Um die Kapazitäten zu vergrößern, hatte Gruber beim Minister den Einsatz von Doppelstockfahrzeugen angeregt. Denn wegen der teilweise zu kurzen Bahnsteige wie in Fichtenberg kann kein zusätzlicher dritter Wagen vom Typ der neuen Talent- oder der von Go-Ahead angekündigten Flirt-Züge angekoppelt werden. Die Überlegung des Abgeordneten: „Doppelstockwagen könnten den Rückstau auffangen, der nach dem Ausfall eines Zuges entsteht und zur Überfüllung des nachfolgenden Zuges führt.“ Schließlich falle unterm Strich fast täglich ein Zug aus, letztes Jahr insgesamt 363 Züge. Doch Hermann winkt ab: Wegen ungenügender Beschleunigungswerte könne auf dieser Strecke kein Doppelstockwagen an eine Lok gekoppelt werden. Denkbar wären allenfalls kompakte Doppelstocktriebwagen, die aber frühestens 2024 zur Verfügung stünden.

Ausbau der Sitzplatzkapazitäten nicht rigoros abgelehnt

„Erfreulich ist aber“, so fasst Gruber zusammen, „dass der Minister eine Erhöhung der Sitzplatzkapazitäten nicht rigoros ablehnt.“ Aktuell komme es bei der Murrbahn darauf an, dass diejenigen, die nicht zu Hause arbeiten können, „möglichst sicher zur Arbeit gebracht werden“. In den Zügen sei das Platzangebot derzeit ausreichend, da etliche Arbeitnehmer daheim arbeiten können und die Schulen geschlossen sind.

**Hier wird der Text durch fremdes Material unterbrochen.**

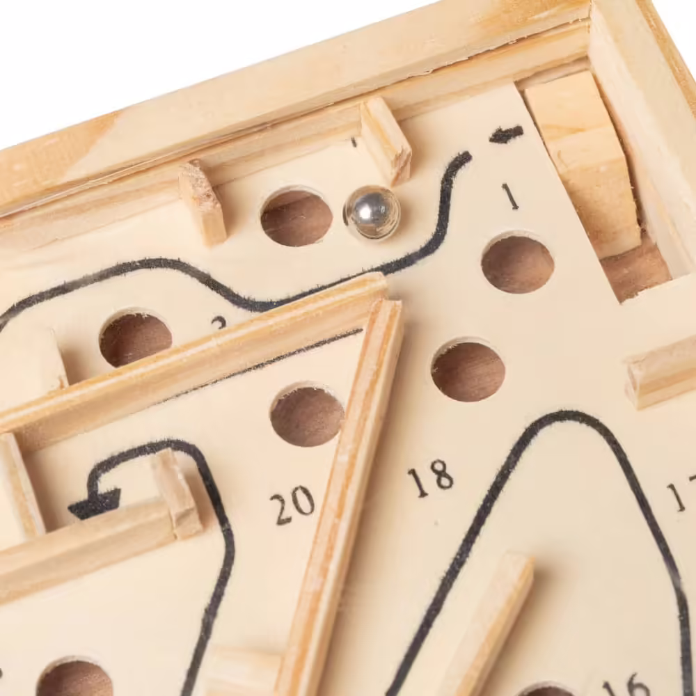 Juego de habilidad fabricado en madera, diseñado para poner a prueba tu destreza y concentración en un laberinto de 20 obstáculos.
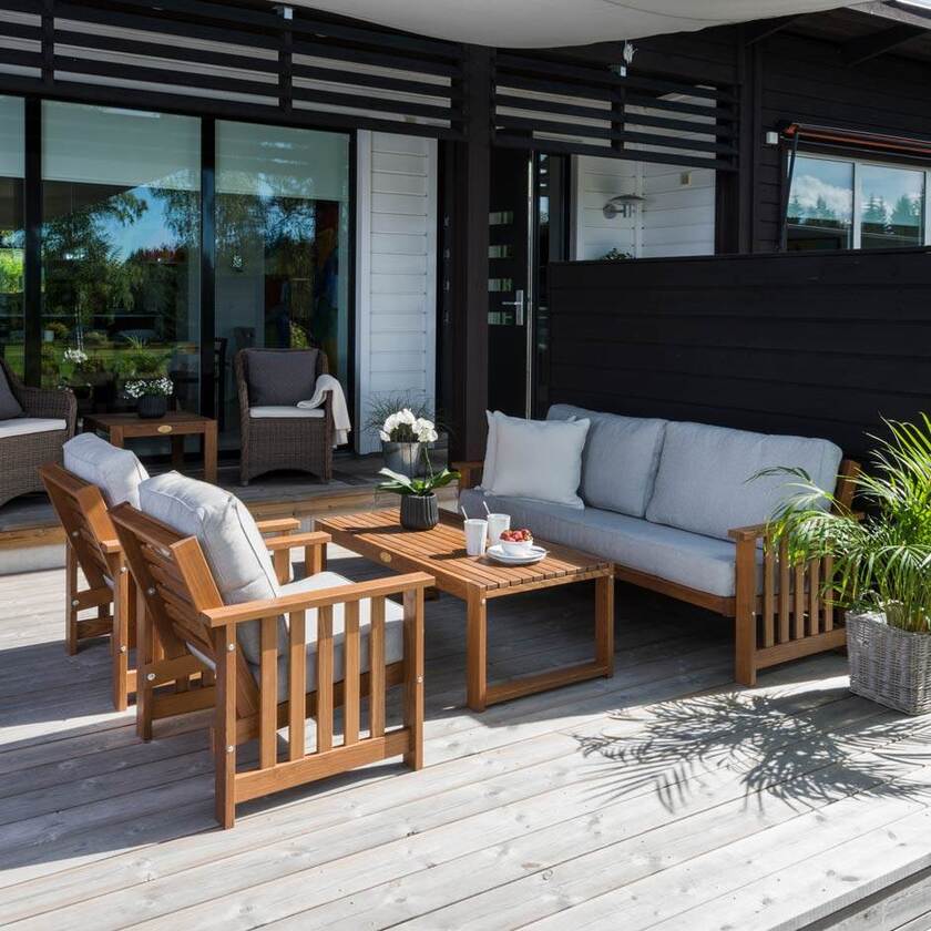 Tillverkad av värmebehandlad Ask som innebär att träet är uppvärmt till väldigt hög temperatur, vilket gör ytan enormt tålig för väder och vind..
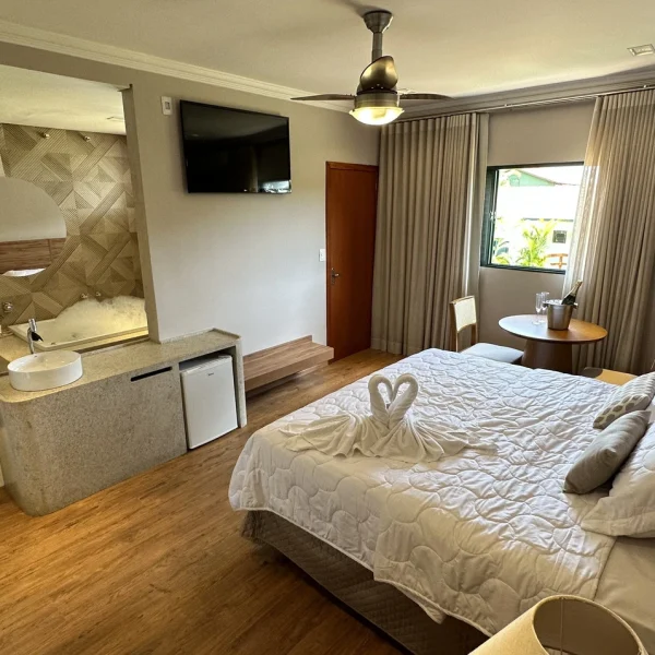 Este espaço conta com hidromassagem, estacionamento, TV LED, ar condicionado, frigobar, interfone, mesa e duas cadeiras. Eleve sua estadia com nossos pacotes especiais, incluindo cesta de chocolate ou frutas, bebida especial, velas na banheira, 2 roupões e palavras decorativas.
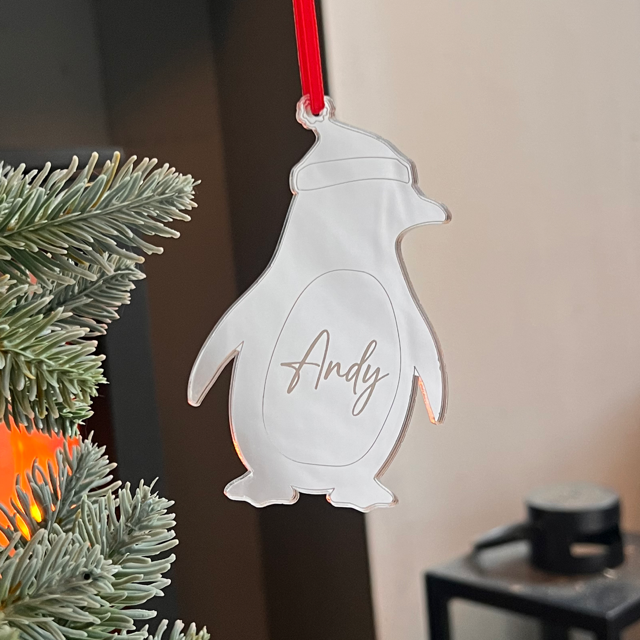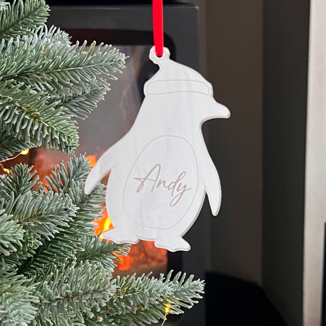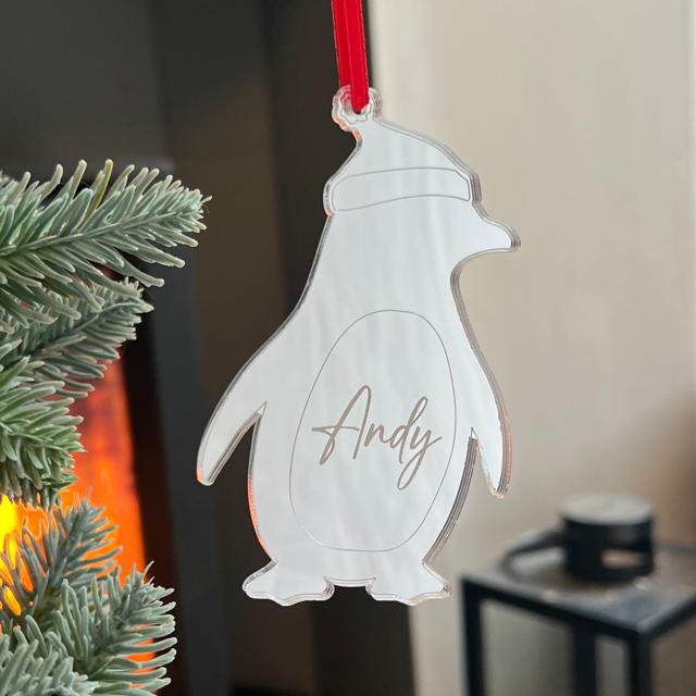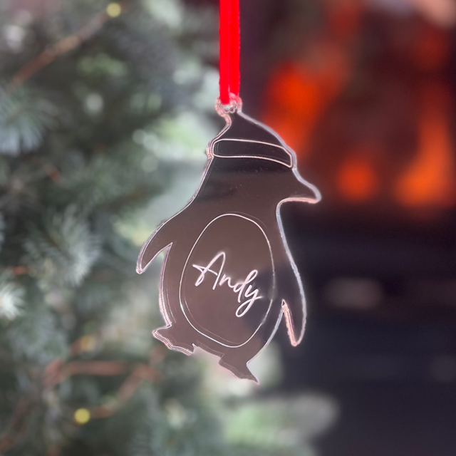 Celebrate Christmas with this adorable penguin decoration, available in mirror gold, silver or rose gold acrylic. Each penguin features your chosen name beautifully engraved, making it a special keepsake for children, families, or anyone who loves festive fun.
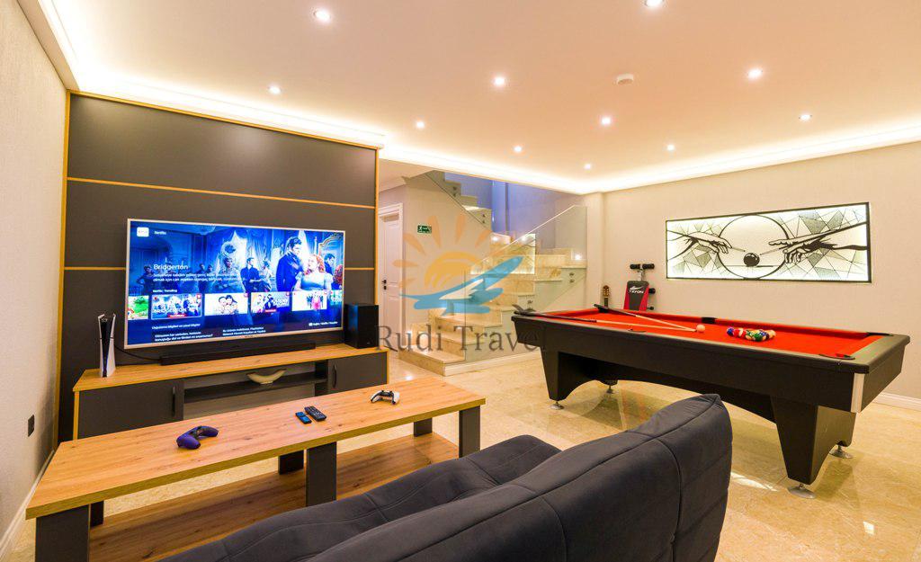 The villa also includes an American billiards table and a PlayStation 5.
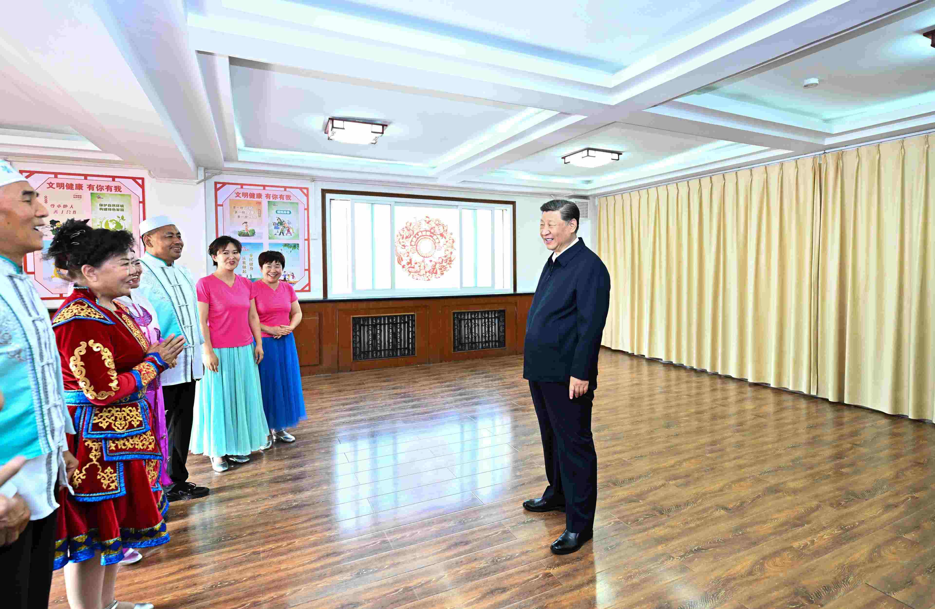 19 日下午,習(xí)近平總書記在寧夏回族自治區(qū)考察調(diào)研。他來到銀川市金鳳區(qū)長城花園社區(qū),了解社區(qū)發(fā)揮基層黨組織作用、優(yōu)化便民惠民服務(wù)、推動各族群眾交往交流交融等情況。(杜尚澤)
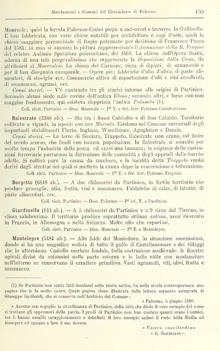 (1) Se Partinico non conta fatti luminosi nella storia antica, ha nella storia contemporanea una pagina che le fa molto onore. Quale pagina viene illustrata dalla lettera seguente autografa di Giuseppe Garibaldi, che si conserva nell'Archivio del Comune :

Zusätzlich zu der Kleinen Anfrage, die bereits Anfang Februar eingereicht wurde, hat Gruber den Verkehrsminister noch direkt angeschrieben und nachgefragt, welche Probleme auf der Murr- und der Remsbahn bald und welche erst langfristig gelöst werden könnten. Anlass dazu war ein Interview, in dem Hermann erklärt hatte, in den wöchentlichen Gesprächen im Ministerium mit den Netzbetreibern habe er einen sehr guten Überblick bekommen, welche Probleme sich bald lösen ließen und welche sich noch ziemlich lange hinziehen würden. Eine Antwort steht aber noch aus.